You’re gonna get screwed but good in this town
Tales of the City
by Armistead Maupin
After hearing this book praised left, right and centre since I started book blogging I figured I had to give it a go. And what a joy it is!
This is the first in what has turned out to be a very long-running series about a large cast of characters in San Francisco. In this book (I don’t know if this is true of any of the rest) the focus is on a boarding house on Russian Hill run by the inimitable Anna Madrigal (who grows her own weed and claims to have been raised in a whorehouse), and in particular her tenant Mary Ann Singleton. Mary Ann has newly arrived in the city from Cleveland and her sweet naivety is in for a shock. Or several shocks.

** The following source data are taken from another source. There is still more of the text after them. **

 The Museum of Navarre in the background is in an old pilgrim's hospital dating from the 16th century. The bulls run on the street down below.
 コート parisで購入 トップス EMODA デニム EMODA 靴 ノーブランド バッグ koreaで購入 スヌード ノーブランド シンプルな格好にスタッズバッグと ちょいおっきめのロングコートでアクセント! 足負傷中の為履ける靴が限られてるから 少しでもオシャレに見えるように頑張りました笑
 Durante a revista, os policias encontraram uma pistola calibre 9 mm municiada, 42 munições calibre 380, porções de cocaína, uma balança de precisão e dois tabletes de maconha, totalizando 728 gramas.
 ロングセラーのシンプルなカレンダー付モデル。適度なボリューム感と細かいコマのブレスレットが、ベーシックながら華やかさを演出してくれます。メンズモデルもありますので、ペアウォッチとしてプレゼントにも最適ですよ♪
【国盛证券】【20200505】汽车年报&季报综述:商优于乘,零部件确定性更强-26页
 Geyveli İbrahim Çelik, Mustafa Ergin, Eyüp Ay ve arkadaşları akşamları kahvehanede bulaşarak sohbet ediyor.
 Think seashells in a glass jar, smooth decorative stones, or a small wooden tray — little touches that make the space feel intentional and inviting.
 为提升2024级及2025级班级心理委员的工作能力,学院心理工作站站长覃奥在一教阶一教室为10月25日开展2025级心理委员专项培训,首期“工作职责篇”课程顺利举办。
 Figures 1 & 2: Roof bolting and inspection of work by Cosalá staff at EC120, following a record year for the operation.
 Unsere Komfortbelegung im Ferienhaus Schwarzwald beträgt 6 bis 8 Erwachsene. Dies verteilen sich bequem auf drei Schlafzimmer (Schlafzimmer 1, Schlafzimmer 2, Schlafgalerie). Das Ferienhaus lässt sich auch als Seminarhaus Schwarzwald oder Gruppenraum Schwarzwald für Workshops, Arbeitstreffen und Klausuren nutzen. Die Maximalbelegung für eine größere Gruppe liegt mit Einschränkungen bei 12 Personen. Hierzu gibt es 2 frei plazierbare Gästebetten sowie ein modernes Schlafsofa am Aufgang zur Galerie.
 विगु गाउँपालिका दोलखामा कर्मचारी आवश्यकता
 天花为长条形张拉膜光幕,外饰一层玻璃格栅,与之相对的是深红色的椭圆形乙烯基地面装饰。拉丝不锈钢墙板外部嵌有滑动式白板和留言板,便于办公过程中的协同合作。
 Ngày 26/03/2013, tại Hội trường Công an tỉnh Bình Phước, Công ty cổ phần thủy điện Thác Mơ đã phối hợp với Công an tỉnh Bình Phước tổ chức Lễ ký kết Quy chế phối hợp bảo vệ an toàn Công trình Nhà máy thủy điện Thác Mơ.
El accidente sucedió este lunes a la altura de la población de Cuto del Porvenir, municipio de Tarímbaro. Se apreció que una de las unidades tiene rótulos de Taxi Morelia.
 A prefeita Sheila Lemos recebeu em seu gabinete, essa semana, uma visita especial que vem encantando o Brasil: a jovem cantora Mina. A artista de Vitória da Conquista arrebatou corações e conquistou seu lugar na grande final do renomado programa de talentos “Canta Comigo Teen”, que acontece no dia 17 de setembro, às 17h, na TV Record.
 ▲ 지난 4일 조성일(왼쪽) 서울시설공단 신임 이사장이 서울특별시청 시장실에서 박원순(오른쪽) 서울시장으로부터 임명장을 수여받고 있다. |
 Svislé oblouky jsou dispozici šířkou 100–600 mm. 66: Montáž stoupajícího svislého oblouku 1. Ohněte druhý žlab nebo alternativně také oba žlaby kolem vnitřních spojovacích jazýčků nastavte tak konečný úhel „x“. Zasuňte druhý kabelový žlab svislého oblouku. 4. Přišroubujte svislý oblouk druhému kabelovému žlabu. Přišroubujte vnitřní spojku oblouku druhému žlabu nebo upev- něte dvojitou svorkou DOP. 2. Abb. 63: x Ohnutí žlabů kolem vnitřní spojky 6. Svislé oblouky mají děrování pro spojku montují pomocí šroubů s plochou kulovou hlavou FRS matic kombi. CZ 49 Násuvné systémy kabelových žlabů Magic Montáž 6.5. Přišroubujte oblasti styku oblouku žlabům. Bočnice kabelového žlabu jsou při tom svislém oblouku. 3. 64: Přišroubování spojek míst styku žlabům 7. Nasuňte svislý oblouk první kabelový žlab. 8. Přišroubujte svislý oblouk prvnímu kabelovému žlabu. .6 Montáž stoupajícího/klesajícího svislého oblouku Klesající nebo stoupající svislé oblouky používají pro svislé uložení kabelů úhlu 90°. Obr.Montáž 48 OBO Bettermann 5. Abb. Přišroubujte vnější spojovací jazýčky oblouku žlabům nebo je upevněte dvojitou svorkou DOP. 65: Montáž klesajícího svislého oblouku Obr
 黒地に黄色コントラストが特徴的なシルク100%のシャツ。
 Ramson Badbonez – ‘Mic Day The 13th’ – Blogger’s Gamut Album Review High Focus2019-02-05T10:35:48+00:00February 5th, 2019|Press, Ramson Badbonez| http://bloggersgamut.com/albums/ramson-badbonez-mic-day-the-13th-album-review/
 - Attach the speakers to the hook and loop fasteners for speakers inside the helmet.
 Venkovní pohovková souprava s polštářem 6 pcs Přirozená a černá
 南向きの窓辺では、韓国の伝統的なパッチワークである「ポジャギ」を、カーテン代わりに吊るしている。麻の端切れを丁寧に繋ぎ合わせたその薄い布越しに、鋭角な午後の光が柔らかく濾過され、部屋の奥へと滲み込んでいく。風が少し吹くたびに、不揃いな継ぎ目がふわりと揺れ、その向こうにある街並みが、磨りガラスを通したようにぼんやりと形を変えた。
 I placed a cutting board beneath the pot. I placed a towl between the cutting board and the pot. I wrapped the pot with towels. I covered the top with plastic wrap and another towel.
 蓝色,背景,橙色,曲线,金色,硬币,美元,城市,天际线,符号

According to something I heard on Radio 4 (I think it was on A Good Read) the editors of the San Francisco Chronicle, in which this started life as a serial, kept a tally of straight versus gay sex scenes because there was a concern about it being “too gay”. Which tells you a little about the book. It is outrageous and wickedly funny but also intelligent and insightful. The characters lean very slightly into the larger-than-life category but they are not stereotypical or predictable. It really is an achievement that so much silliness can be so lovable.
There are dozens of storylines at work, only a couple of which are wrapped up by the end of the novel. The characters are introduced separately but their lives quickly overlap to the point where I was hard-pressed to remember who knew who from where. I’ll just have to read it again!
The extra character is, of course, the city of San Francisco. Maupin lovingly describes its streets and views and bars and people with all the little details of someone who calls it home. It is very much a tale of 1978, with an undercurrent of the politics and social nuances of the time. I was (perhaps naively) surprised by how much of the “pretentious” of middle-class life today (organic food, over-earnest attempts to appear not racist or homophobic, caring about global warming) was considered pretentious back then too. It is satirical but somehow firmly on the side of the people it satirises. Both prudish innocent (Mary Ann) and sexaholic (most everyone else) are celebrated in their own way.
I can see why it has been called a literary soap opera and it is indeed both those things. It isn’t literary in floweriness but rather in insight and cleverly spare language that gives you just enough, while finding room for some fantastic little jokes with words and meanings. So that’s six more books to add to the wishlist then, I guess!
First published in 1978 in the San Francisco Chronicle.
Published in book form in 1980 by Corgi Books.